## Author:	orlowsma@hu-berlin.de
## Project: Moderate as necessary - The role of electoral competitiveness in 
## 			explaining parties' policy shifts 
## Content: Create data set for regression analysis combining competitiveness 
## 			and party positions

# Load competitiveness data
load(file = "competitiveness.Rdata")

# generate date variable to merge with party position data
years <- sapply(strsplit(as.character(CP$lhelc_date), "-"), function(x) x[1])
months <- sapply(strsplit(as.character(CP$lhelc_date), "-"), function(x) x[2])
CP$date <- as.numeric(paste(years, months, sep = ""))

# next election date to merge competitiveness arising from one election with
# positional data for subsequent election
TMP <- aggregate(CP[, "date"], by = list(CP$lhelc_prv_id), FUN = unique)
names(TMP) <- c("lhelc_prv_id", "merge_date")
CP <- merge(CP, TMP, by.x = "lhelc_id", by.y = "lhelc_prv_id", all.x = TRUE)

# Competitiveness varies with lower house composition and elections.
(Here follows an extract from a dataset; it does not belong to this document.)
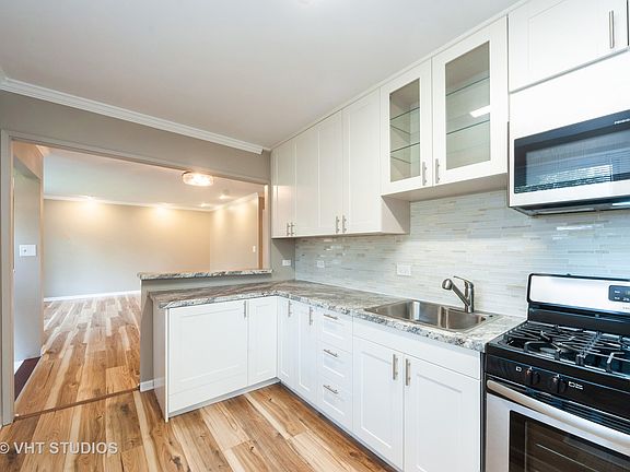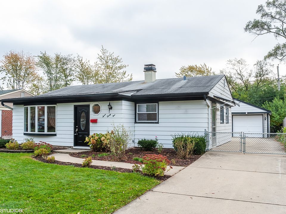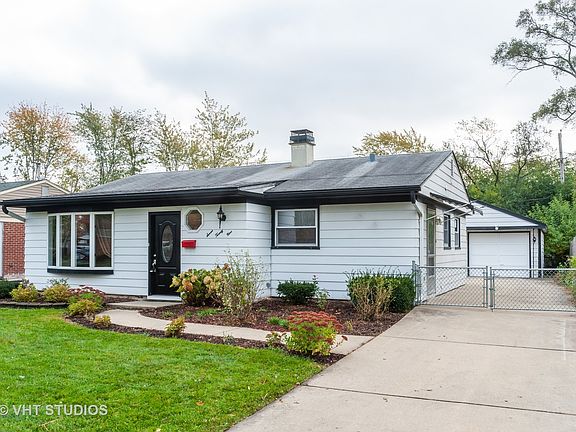 Charming ranch on tree-lined street & huge back yard! Living & Dining Rooms open into the spacious Kitchen making entertaining easy! Three generously sized bedrooms share a neutral hall bath. Spacious detached 1 car garage and screened porch complete this recent rehab completed in 2019. New floors, cabinets, appliances, custom bath, and more. Just minutes away from parks, schools, shops, Metra, and the Wheeling town center!

For some
# cases, this implies two or more competitiveness values arising for each party 
# from one elections (if lower house composition changes during a legislative 
# term due to party splits, each party gets two competitiveness values). Select
# only those values arising from the lower house composition prior to an election.
# Since lower house election ids are ordered temporarrily, this means chosing those
# cases with a higher id.

TMP <- aggregate(CP$lh_id, by = list(CP$lhelc_id), FUN = unique)
keep_lhs <- sapply(TMP$x, function(x) x[which(x == max(x))])
CP <- CP[which(CP$lh_id %in% keep_lhs), ]

# Change German Greens cmp id to account for lag structure in merging with CMP
# data

CP$cmp_id[which(CP$pty_id == 6006 & CP$merge_date == 198701)] <- 41111
CP$cmp_id[which(CP$pty_id == 6006 & CP$merge_date == 199012)] <- 41112
CP$cmp_id[which(CP$pty_id == 6006 & CP$merge_date >= 199410)] <- 41113

# Merge with party positions
load("lrpos.Rdata")
DT <- merge(MP, CP[, -which(names(CP) == "date")]
			, by.x = c("party", "date"), by.y = c("cmp_id", "merge_date")
			, all.x = TRUE)

# Drop countries not included in competitiveness data
tmp <- by(DT$pty_comp, DT$country, function(x) ! all(is.na(x)))
DT <- DT[DT$country %in% as.numeric(names(tmp)[which(tmp)]), ]

# Merge with additional data from various sources
AV <- read.csv("addvars.csv")
DT <- merge(DT, AV[, c("pty_id", "lhelc_id", "pty_cab", "tier1_avemag", "leadact")]
			, by = c("lhelc_id", "pty_id"), all.x = TRUE)

write.csv(DT, file = "comp_ppos.csv", row.names = FALSE, na = "")